_How to complete this task_
Pictures should be excluded; otherwise, copy every entry exactly.

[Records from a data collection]
-----
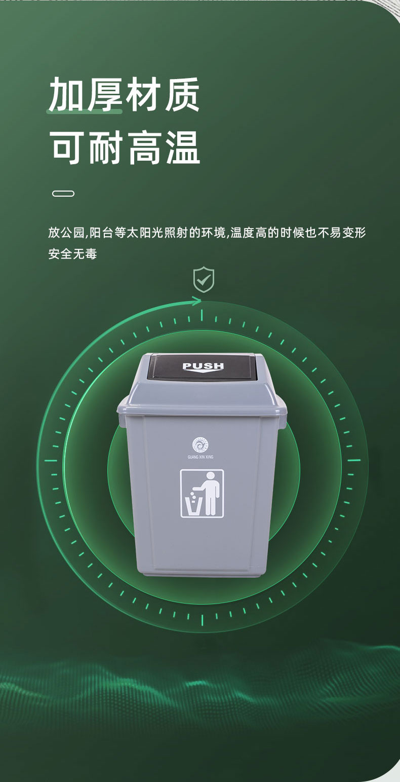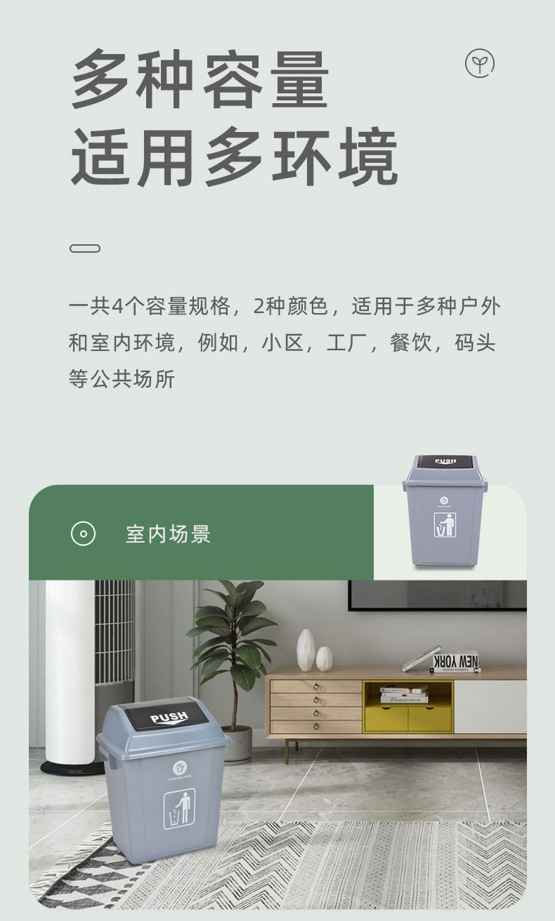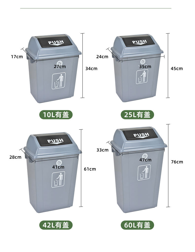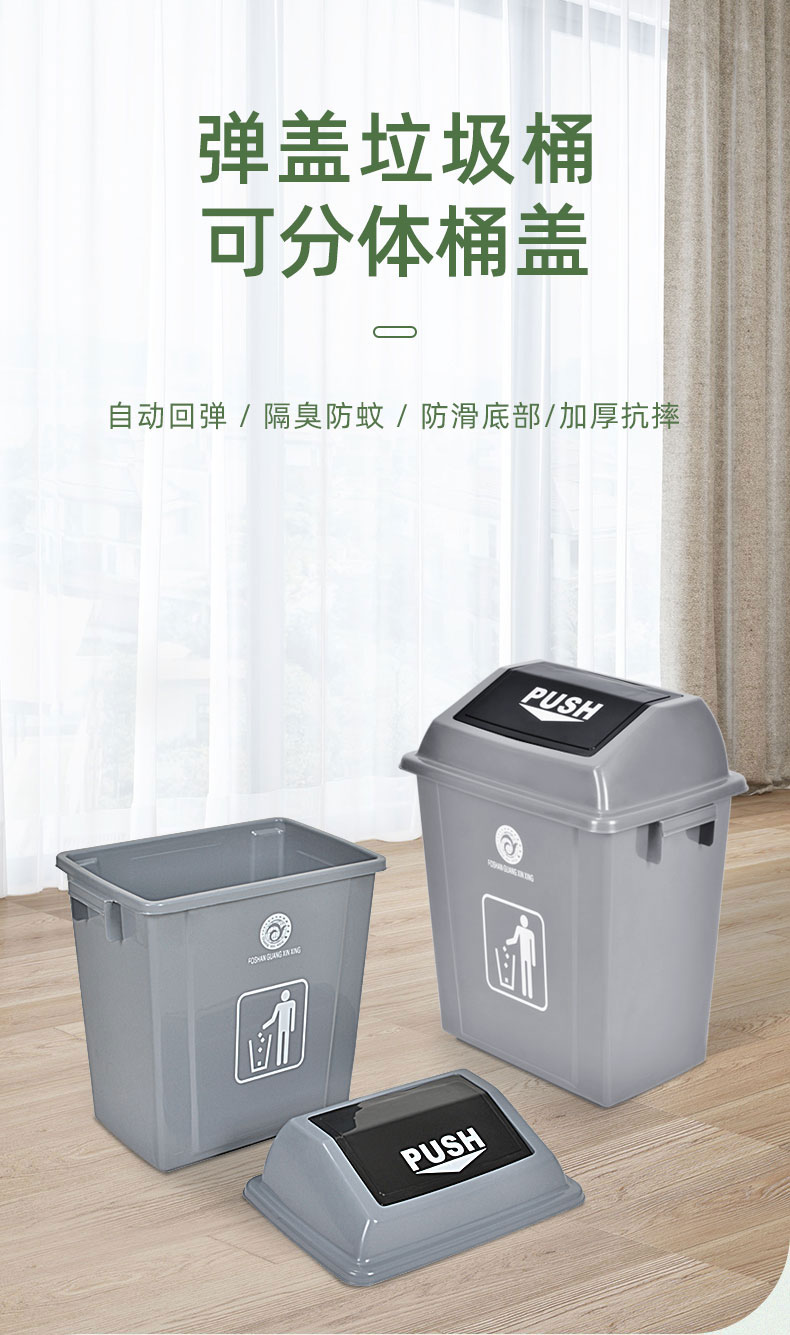Thùng rác vuông dành cho phục vụ ăn uống thương mại sức chứa lớn có nắp bật lên nhà vệ sinh nhà vệ sinh thùng rác cỡ trung ngoài trời dùng trong gia đình
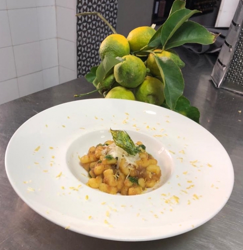 Perle di patate con fonduta di cipolle di Montoro, stracotto di vitellone e bue nero, provolone del Monaco e grattugiata di limone della costiera.
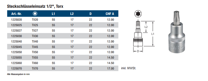 TX-Einsatz STARCH 1/2", Chrom-Vanadium-Stahl matt satiniert TX60x55 1/2"
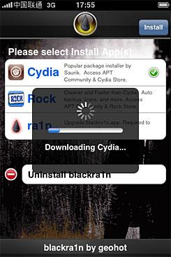 完成越狱之后,在功能表里点击blackra1n图标,进入balckra1n按图标指引安装Cydia及相关补丁,以便其后iPhone 3GS与电脑端的91手机助手连接,安装更多的免费破解软件游戏。
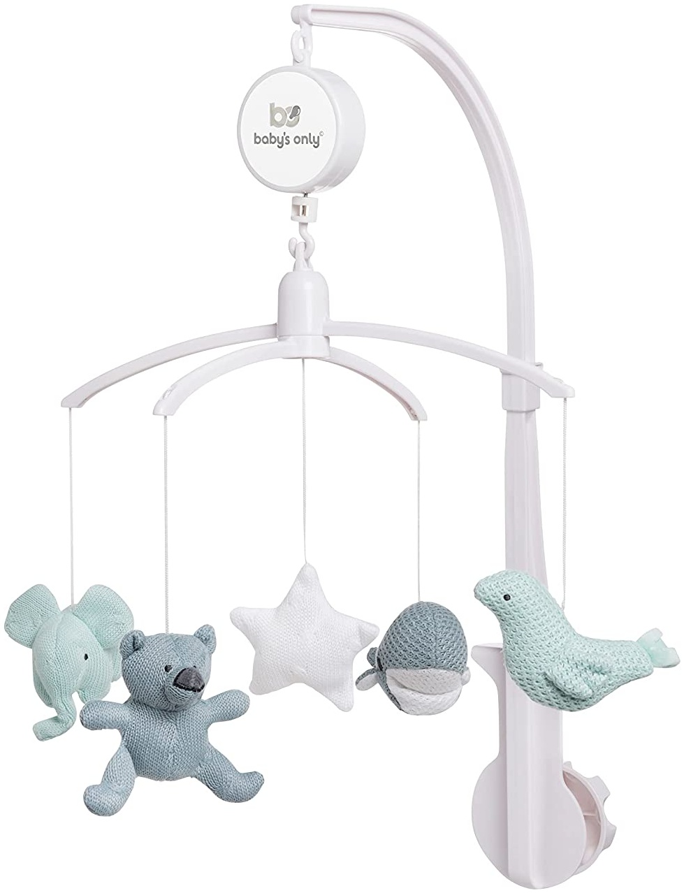 Das Musik Mobile in Stonegreen/Mint/Weiß aus 100% Polyester von BO Baby's Only bietet eine beruhigende und unterhaltsame Möglichkeit, Ihr Baby sanft in den Schlaf zu wiegen. Die süßen Stofftiere und die hochwertige Verarbeitung sorgen für ein ansprechendes Design im Kinderzimmer.
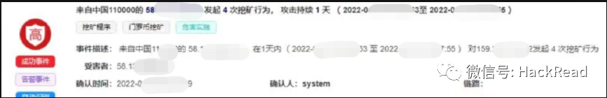 三台机器被入的挖矿都为DTStealer,内网横向,访问矿池。和信下一代云桌面系统被入侵的时间需要再次详细排查。因为不知道操作系统是否存在漏洞、操作系统以前是否为弱密码,初步认为造成被入侵的原因是历史漏洞+WEB管理员弱密码。
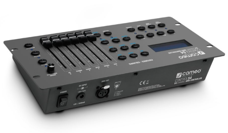 Contrôleur DMX 54 canaux, CONTROL 54, CAMEO. Pour piloter un maximum de 9 projecteurs ou groupes de projecteurs egalement compatible avec tous les projecteurs mélangeurs de couleurs RGB, RGBW, RGBWA et RGBWA+UV.
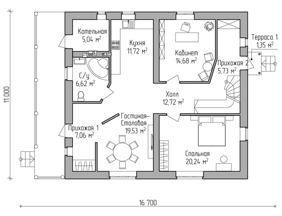 Облицовка — утеплитель 100 мм, декоративная штукатурка, искусственный камень
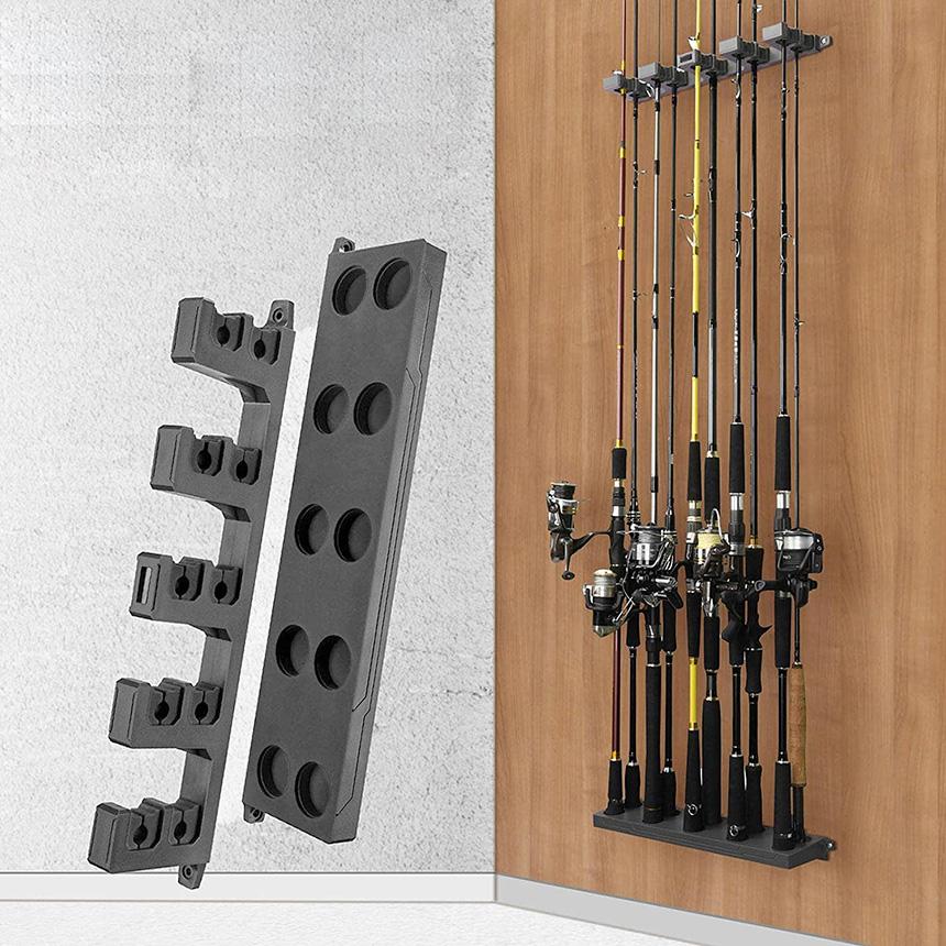 ●小型、大収納:釣り竿ラックは最大10本の釣り竿またはリールコンボを収納できます。内側の列にリールのない5本の釣り竿、前列にリールのある5本の釣り竿を収納することをお勧めします。サイズは小さいが収納スペースが大きく、床面積を節約できます。ガレージの保管やタックルルームなどに最適です。
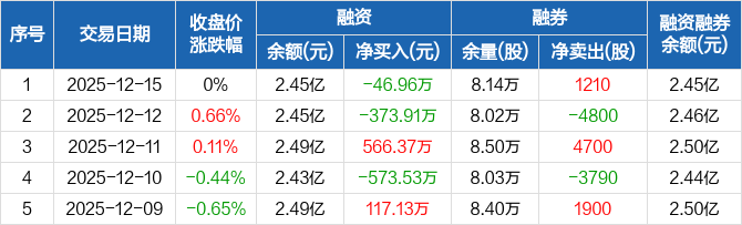 千禾味业:融资净偿还46.96万元,融资余额2.45亿元(12-15)
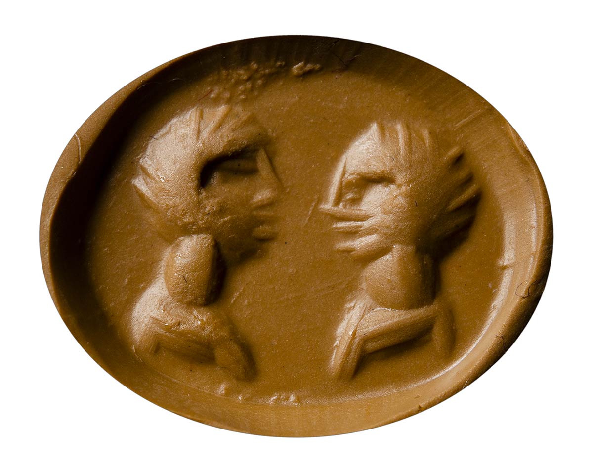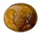 Two male portraits facing each other. Slight wear marks on the surface. Nice honey color of the stone with dark inclusions.
-----
_Solution to the exercise_
Thùng rác vuông dành cho phục vụ ăn uống thương mại sức chứa lớn có nắp bật lên nhà vệ sinh nhà vệ sinh thùng rác cỡ trung ngoài trời dùng trong gia đình
 Perle di patate con fonduta di cipolle di Montoro, stracotto di vitellone e bue nero, provolone del Monaco e grattugiata di limone della costiera.
 TX-Einsatz STARCH 1/2", Chrom-Vanadium-Stahl matt satiniert TX60x55 1/2"
 完成越狱之后,在功能表里点击blackra1n图标,进入balckra1n按图标指引安装Cydia及相关补丁,以便其后iPhone 3GS与电脑端的91手机助手连接,安装更多的免费破解软件游戏。
 Das Musik Mobile in Stonegreen/Mint/Weiß aus 100% Polyester von BO Baby's Only bietet eine beruhigende und unterhaltsame Möglichkeit, Ihr Baby sanft in den Schlaf zu wiegen. Die süßen Stofftiere und die hochwertige Verarbeitung sorgen für ein ansprechendes Design im Kinderzimmer.
 三台机器被入的挖矿都为DTStealer,内网横向,访问矿池。和信下一代云桌面系统被入侵的时间需要再次详细排查。因为不知道操作系统是否存在漏洞、操作系统以前是否为弱密码,初步认为造成被入侵的原因是历史漏洞+WEB管理员弱密码。
 Contrôleur DMX 54 canaux, CONTROL 54, CAMEO. Pour piloter un maximum de 9 projecteurs ou groupes de projecteurs egalement compatible avec tous les projecteurs mélangeurs de couleurs RGB, RGBW, RGBWA et RGBWA+UV.
 Облицовка — утеплитель 100 мм, декоративная штукатурка, искусственный камень
 ●小型、大収納:釣り竿ラックは最大10本の釣り竿またはリールコンボを収納できます。内側の列にリールのない5本の釣り竿、前列にリールのある5本の釣り竿を収納することをお勧めします。サイズは小さいが収納スペースが大きく、床面積を節約できます。ガレージの保管やタックルルームなどに最適です。
 千禾味业:融资净偿还46.96万元,融资余额2.45亿元(12-15)
 Two male portraits facing each other. Slight wear marks on the surface. Nice honey color of the stone with dark inclusions.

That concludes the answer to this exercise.